What is the proper amount of backlash my G4003G cross slide handwheel should have and is it adjustable?


----------



## ridgeway (Sep 9, 2013)

Funny you mention this.  I just had mine appart over the weekend to clean and adjust the crossfeed nut.  I have the standard 4003, but id imagine they are similar if not the same.  There should be a capscrew on the nut to squeeze the slotted half together.  I tightened mine a tiny bit to take up some backlash and still keep it smooth.  I still have backlash, but much better.Im about .010" backlash.  While I was at it, I cleaned and scotch brighted the gibbs and adjusted everything.  Works good.


----------



## NEL957 (Sep 10, 2013)

There is nothing proper about backlash. It is just a fact of life when it comes to two moving parts. Yes, there are ways to tighten up things, but a little backlash doesn't hurt anything as long as you are aware that backlash is present. It is something that is acceptable, we live with it.
Nelson Collar


----------



## epanzella (Sep 10, 2013)

My backlash is also .015. My major complaint was that the handwheel would drop back under it's own weight when the grab handle was in the 9 oclock position. I did all the adjustment steps that can be done without disassembly (tighten lead nut lockscrew and tighten handwheel spanner) and although my backlash is still .015 the handwheel at least stays put. Thanks to all for your input.


----------



## ortho (Sep 11, 2013)

epanzella said:


> My backlash is also .015. My major complaint was that the handwheel would drop back under it's own weight when the grab handle was in the 9 oclock position. I did all the adjustment steps that can be done without disassembly (tighten lead nut lockscrew and tighten handwheel spanner) and although my backlash is still .015 the handwheel at least stays put. Thanks to all for your input.

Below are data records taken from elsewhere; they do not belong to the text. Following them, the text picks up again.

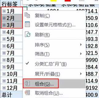 如果我们要将按月排列改为按季度,可以选择要手动分组的区域,右键点击组合。
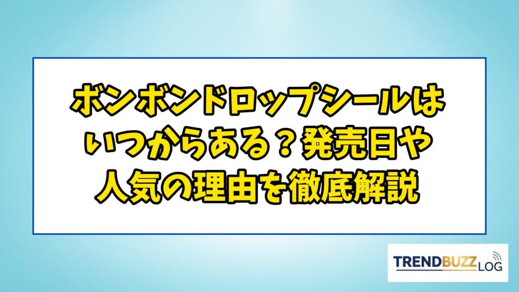 「ボンボンドロップシールって何?」「ボンドロって呼ばれてるけど同じもの?」といった疑問を持っている方は多いのではないでしょうか。 2024年3月の発売以来、子どもから大人まで幅広い世代で爆発的な人気となっているこのシールは、品薄状態が続き、ど... 話題・ニュース
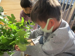 保育室の前の物は、葉がしんなりしてしまう様子もよく見え「かれこちゃんになっちゃう!」と以前トマトが枯れたことを思い出しながら、大切に育ててきました。
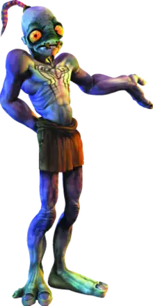 Abe is the most strongly developed central character of the Oddworld series. He was inspired by the diamond miners of South Africa, who along with other indigenous peoples have suffered the ruthless harvesting of their land and people by industrial profiteers.[2] He evolves and develops throughout the first game, Abe's Oddysee.[3] He is initially a slave along with his fellow Mudokons, but escapes.[4] The game's narrative and its main character deal with ethical and moral issues. Lorne Lanning, Oddworld's creator, has stated that its "characters are driven in a way that is fired by larger issues."[4] Abe was the first protagonist that Oddworld Inhabitants developed.[5] Lanning stated that Abe was named after Abraham of the Old Testament, because of the similarities between Abe trying to discover himself and for what he believes was the difficulty in trying to determine the true source of Abraham's discovery of monotheism:
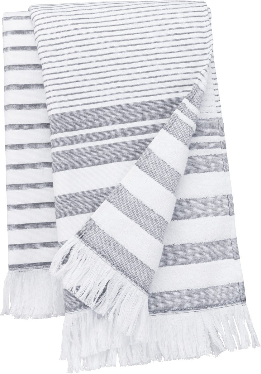 È disponibile in graziose fantasie a righe bianche e fumé con una finitura sfrangiata che quasi si scambierebbe per una grande sciarpa, ma che ha tutte le qualità di un classico asciugamano.
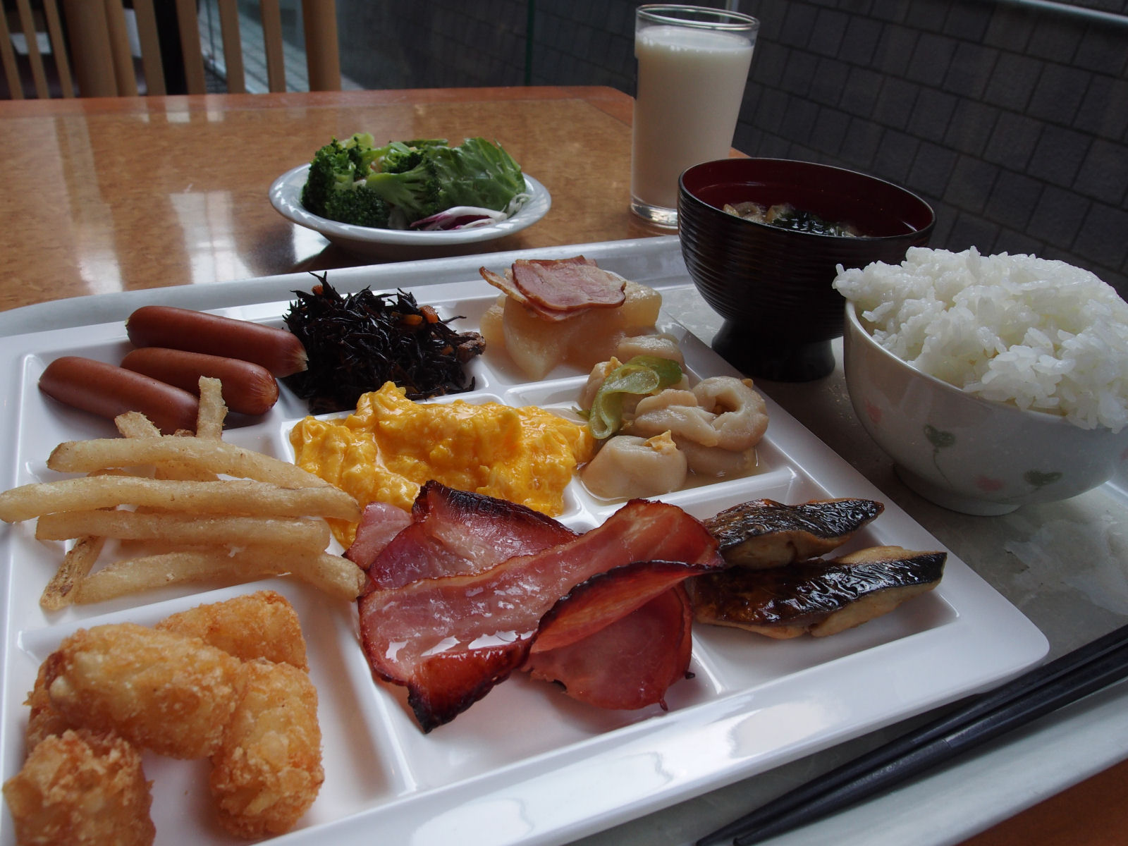 それまでの時間で,ホテルの朝食バイキングを食べました.

Epanzella, I have the same ol' thing.  The backlash on my G4003G cross slide is about 0.010" with that annoying hand wheel flopping down from its own grab handle weight at 9 o'clock position.  For the final cuts, one machinist told me this:  after the tool gets to the end of the cut you would want to back the 			cross slide out beyond the work one whole turn. Then you would return the cross 			slide in one whole turn, plus the original cut plus the next 			amount of cut.  In doing so, you compensate conservatively for the back lash with all its hidden accruement.  Having a dial indicator on the cross slide can be used for cross checking.
---ortho


----------